=== Begin Enclosure ===

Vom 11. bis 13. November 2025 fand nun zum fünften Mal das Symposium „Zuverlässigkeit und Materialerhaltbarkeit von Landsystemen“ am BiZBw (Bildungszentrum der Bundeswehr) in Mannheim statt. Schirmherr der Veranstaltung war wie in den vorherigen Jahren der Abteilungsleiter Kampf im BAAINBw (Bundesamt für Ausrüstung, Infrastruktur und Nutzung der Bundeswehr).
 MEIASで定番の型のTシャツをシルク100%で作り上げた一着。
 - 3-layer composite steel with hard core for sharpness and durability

=== End Enclosure ===
=== Begin Enclosure ===

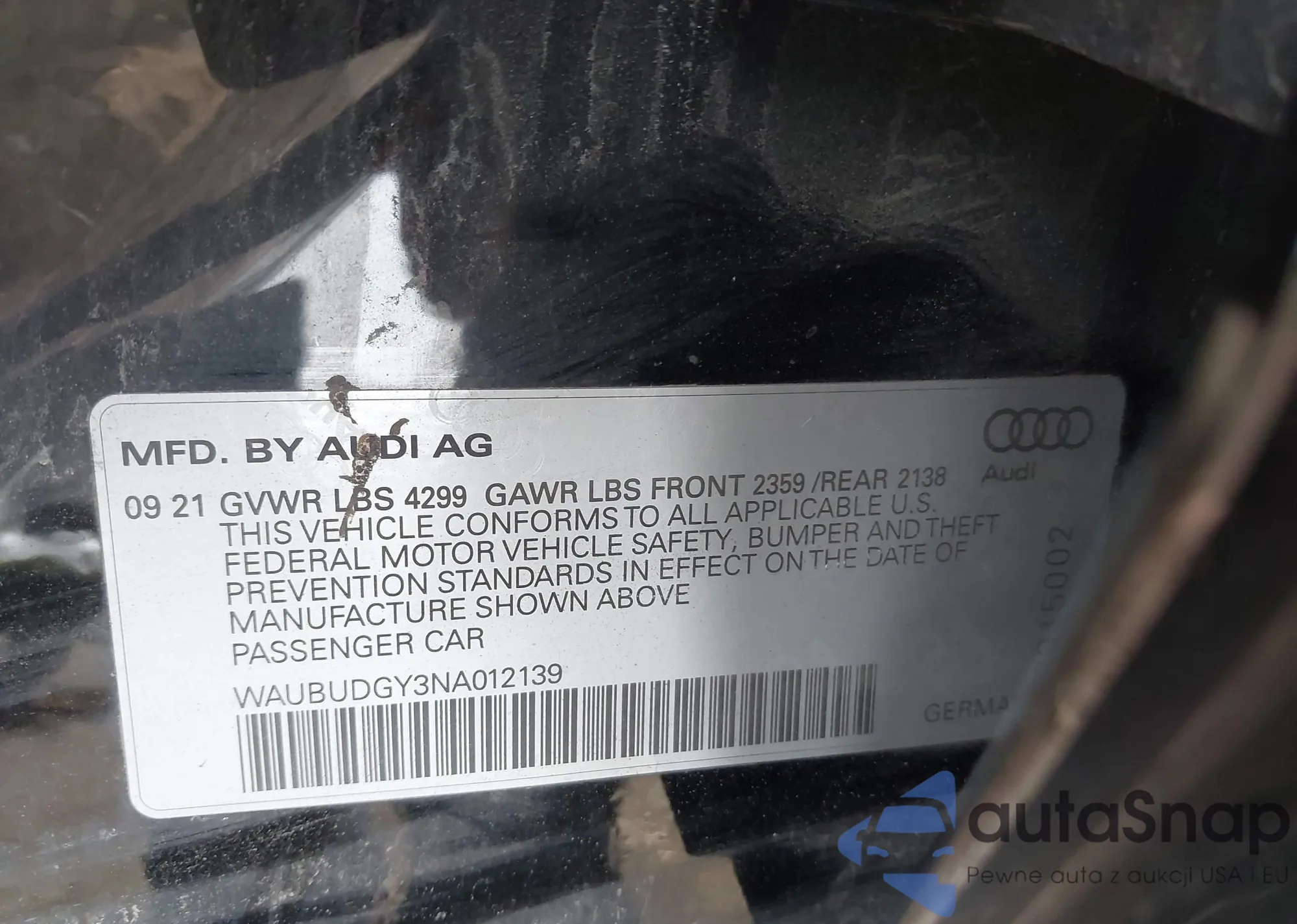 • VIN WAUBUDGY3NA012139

=== End Enclosure ===

WHAT TO PRODUCE
From the data above, output only the lines between the line containing "Vom 11. bis" and the line containing "MEIASで定番の型のTシャツをシルク100%で作り上げた一着。", inclusive, exactly as written.

REPLY TO THE TASK
Vom 11. bis 13. November 2025 fand nun zum fünften Mal das Symposium „Zuverlässigkeit und Materialerhaltbarkeit von Landsystemen“ am BiZBw (Bildungszentrum der Bundeswehr) in Mannheim statt. Schirmherr der Veranstaltung war wie in den vorherigen Jahren der Abteilungsleiter Kampf im BAAINBw (Bundesamt für Ausrüstung, Infrastruktur und Nutzung der Bundeswehr).
 MEIASで定番の型のTシャツをシルク100%で作り上げた一着。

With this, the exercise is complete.